If users are using CloudFormation and chalice package, they will need to modify the CloudFormation template to add the resources you need.
Users will need to manage the deployment of resources per stage if they are looking for resources in each of these stages to be purely isolated from the other stages.
Within the core logic of the Chalice application, there is nothing guaranteeing that the AWS resource you are trying to access exists. The user needs to be extra careful to make sure the out of band resources they deploy match up with what is used in the Chalice application.

Therefore, it is a much more friendly user story if Chalice handles the deployment of these resources for the user.

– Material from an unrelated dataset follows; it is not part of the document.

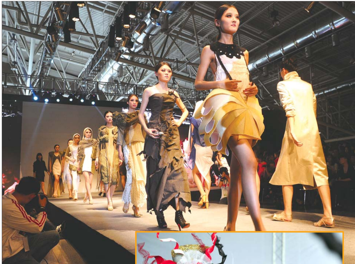
▲28日,在济南舜耕国际会展中心,来自山东工艺美术学院的大学生模特们展示自己和同学设计的毕业服装作品,而艺术设计类毕业生则展示出自己丰富多彩的设计作品。

曾与山工艺合作过的蓝海集团总监李伟告诉记者,该企业这两年都会接收山工艺的实习生,通过实训,学生亲身体会了设计的整个过程。毕业后如果有意向并且作品优秀,还有机会到该企业工作。

Also since Chalice did the deployment, it can easily provide references to those deployed resources from within the Chalice application.

Specification

This section will go into detail about the interfaces for adding these managed resources, code samples of how users will interact with the interface, and the deployment logic in deploying these managed resources. Since DynamoDB tables is the only resource this proposal is suggesting to add, this section will be specific to DynamoDB tables.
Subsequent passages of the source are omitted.